Closed gm-nyc closed 4 years ago
Hi! So to clarify, are you attempting to look at cases where you have novel splice junctions in a known gene, and then see how far they are away from known junctions? I don't think we have an existing formal utility that outputs the splice junctions, but it wouldn't be too difficult to make one!
Yes! I am trying to quantify the distance from the reference splice junctions to the novel junctions I'm seeing in my samples, which have splicing aberrations. The mis-splicing can be transcriptome-wide so I am trying to generate an exon-based matrix for my cells. Does that make sense?
Yes, absolutely! My colleague and I have put together a utility to extract splice junctions/exon positions as well as the transcripts that contain them. I'm going to run some tests on it and finalize the details, and then once I'm comfortable all is going as intended, I'll let you know so you can try it out!
Hi, I am very happy to find this tool for my analysis. I tried first run today and found a problem. The error message was "SAM transcript xxx lacks an MD tag". My samples were DirectRNA Nanopore-seq mapped by Minimap2. By the way, will you develop a tool like MISO or rMATs to help detect the change of alternative splicing?

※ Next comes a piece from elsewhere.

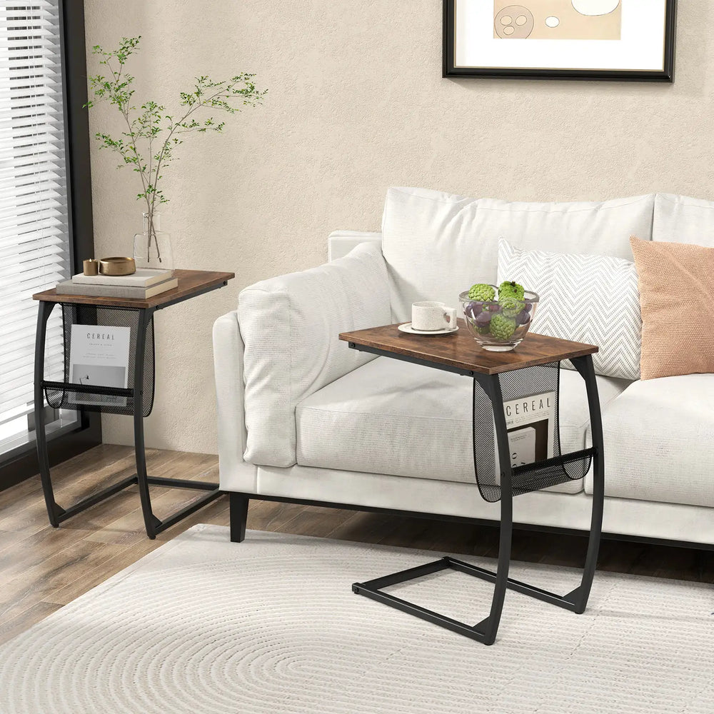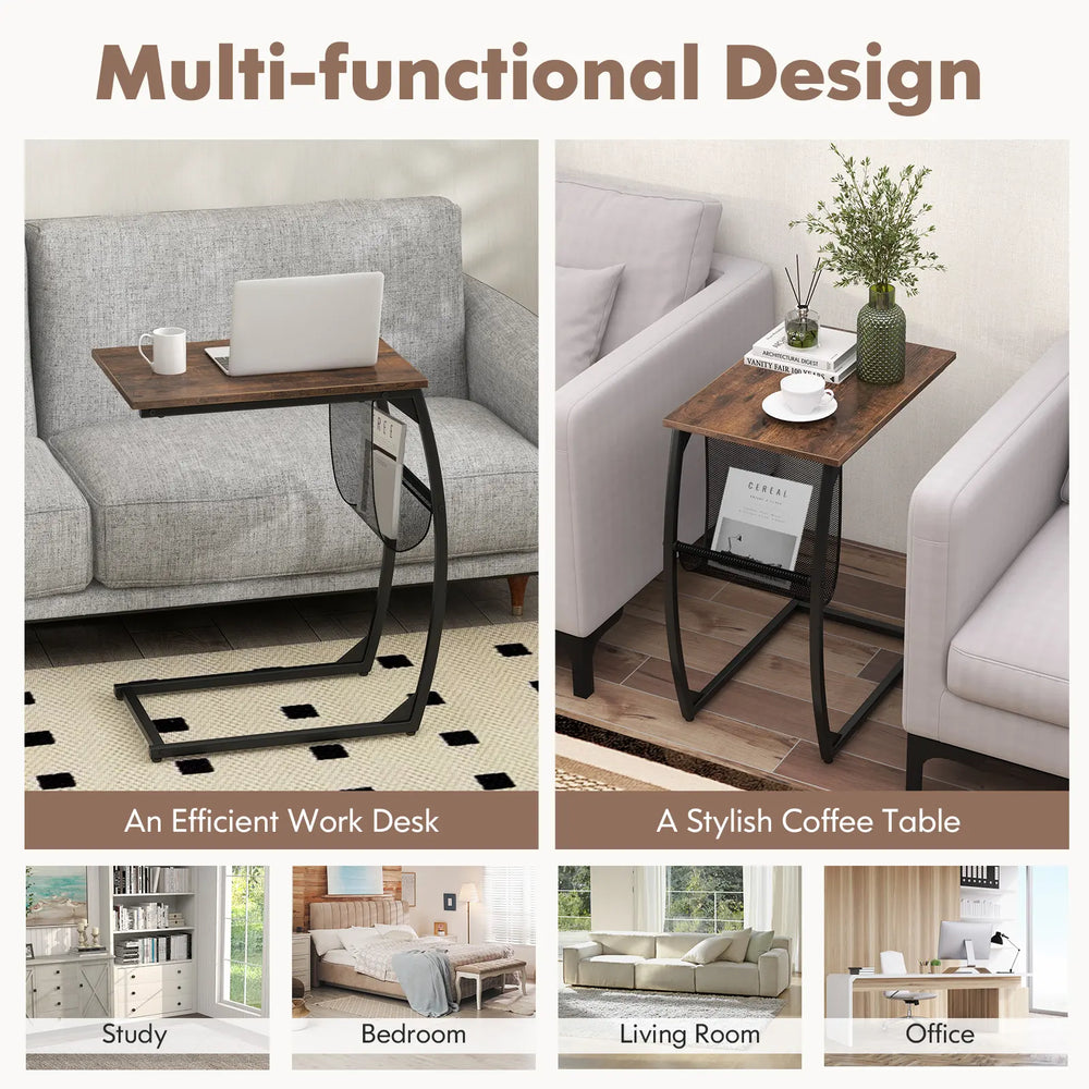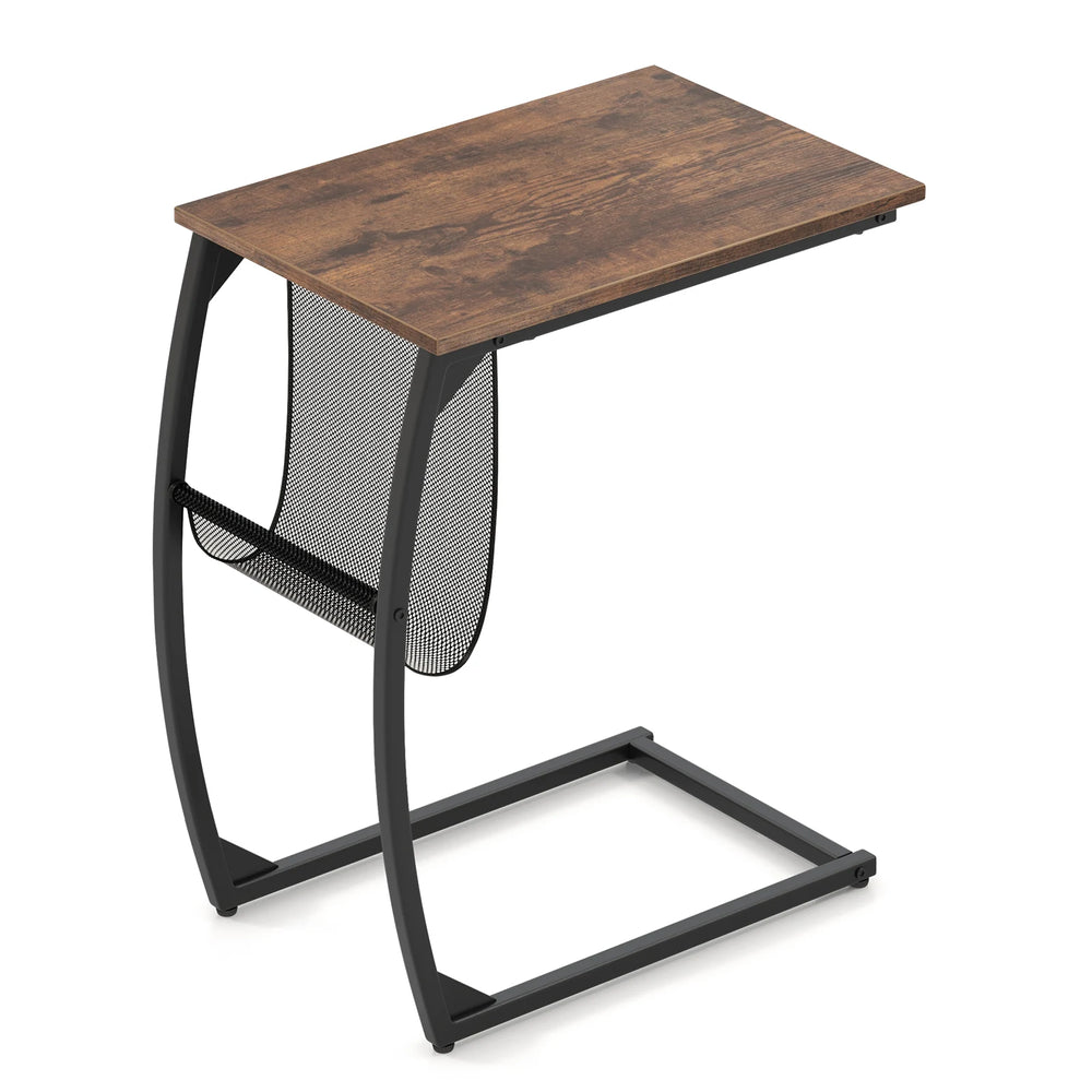 Transform your living space with this innovative sofa side table that makes the most of every inch. The space-saving C-shaped design allows you to effortlessly slide the table under your sofa or bed, making it ideal for small spaces. Featuring 2 storage options, this table maximizes vertical space efficiency with a tabletop perfect for laptops and drinks, while the mesh pocket neatly stores toys or magazines. The sturdy metal frame ensures a solid structure, supported by non-slip foot pads that protect your floors. Whether used as a chic bedside table, practical snack table, or stylish drinks table, this piece will seamlessly adapt to your ever-changing needs. Its modern style brings a contemporary vibe to any setting and blends beautifully with various decor schemes. Add a touch of elegance and functionality to your living room, bedroom, office, or reception area with this versatile and stylish sofa table. Attributes: Space-saving design: Easily slide the base under your sofa or bed to make the most of your living space. The side table features a convenient C-shaped design that fits into small spaces and increases comfort. 2 Storage Options: Maximize the potential of vertical space with the nightstand, designed for maximum efficiency. The tabletop is perfect for resting your laptops and drinks, while the mesh pocket neatly stores toys or magazines. Sturdy Metal Frame: The snack table features a strong, sturdy metal frame that ensures a solid structure. In addition, our side tables are equipped with non-slip foot pads, which not only increase stability but also protect the floor. Versatile Use: The side table can be easily integrated into a variety of environments and meets your ever-changing needs with ease. It is an ideal addition next to your sofa or bed, as a chic drinks table, practical snack table or elegant bedside table. Modern style for any environment: With its stylish design, the sofa table brings a modern atmosphere and harmonizes with any decoration style. Whether in your living room, bedroom, office or reception room, it will become a great eye-catcher. Characteristics: Space-saving C-shaped design optimizes living space Table top is perfect for laptops and drinks Mesh pocket provides neat storage space for toys or magazines Strong, sturdy metal frame for stability Non-slip foot pads protect the floor Modern design enhances any decorating scheme Ideal as a drinks table, snack table or bedside table

Hi iam2b, You should be able to fix this issue by running Minimap2 with the --MD flag (see issue #45). Currently we are not in the business of developing our own downstream alt splicing tool, but you might consider trying this one https://bioconductor.org/packages/release/bioc/html/IsoformSwitchAnalyzeR.html. The developer has added support for TALON abundance files.

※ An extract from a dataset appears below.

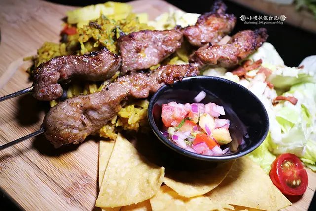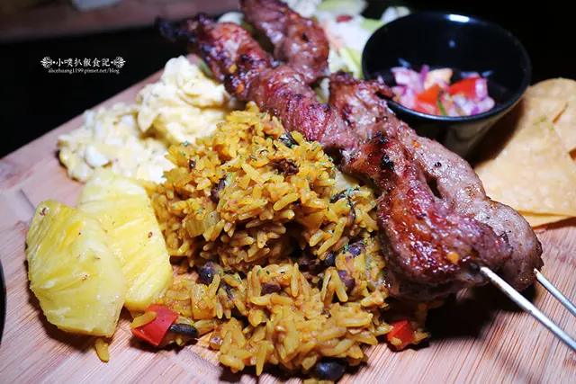 火烤肉串(豬肉串).黑豆飯.炒飯.玉米片.凱薩沙拉
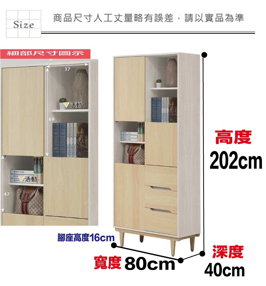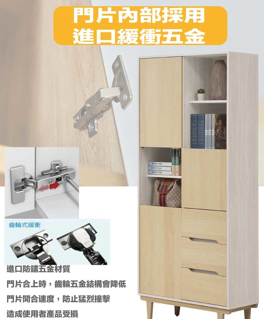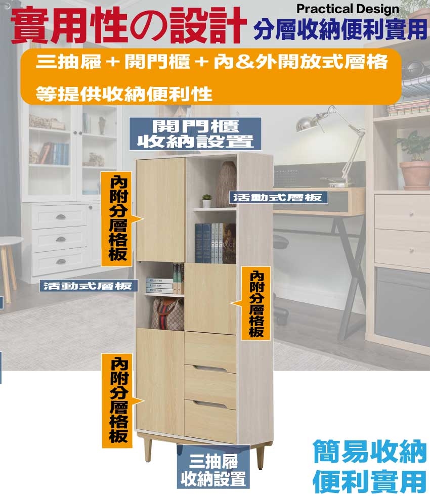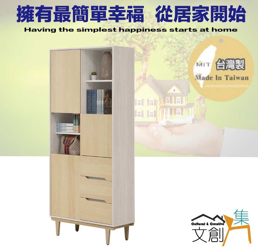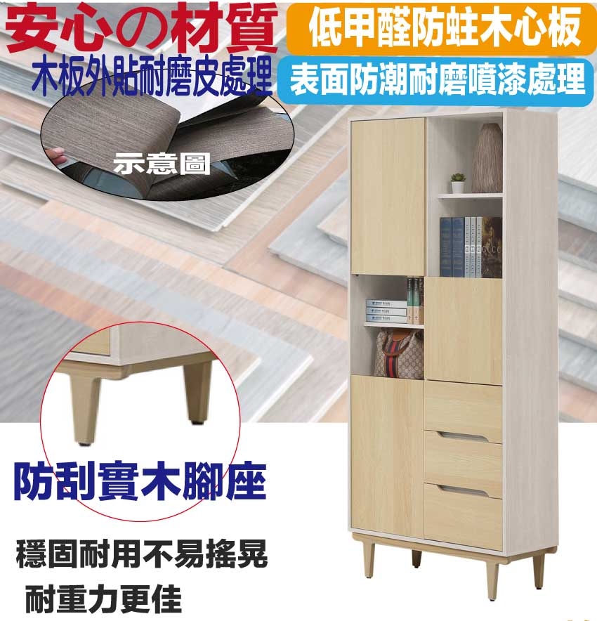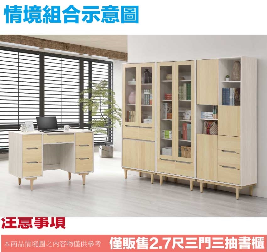 - ◆產品名稱:【綠家居】菲可雙色2.7尺三門三抽書櫃

Thank you very much. I have sloved this problem. Merry Chrismas!
Hi dewyman,
I wanted to clarify my question a little. The reason I was asking for the distance from the canonical splice junction is that I am trying to identify (and quantify) alternate 3' and 5' splice site usage and thought that the positional information for each junction would be useful since it could be compared with the reference. Thanks for your help and any thoughts/suggestions would be welcome! Hope you're having a good new year.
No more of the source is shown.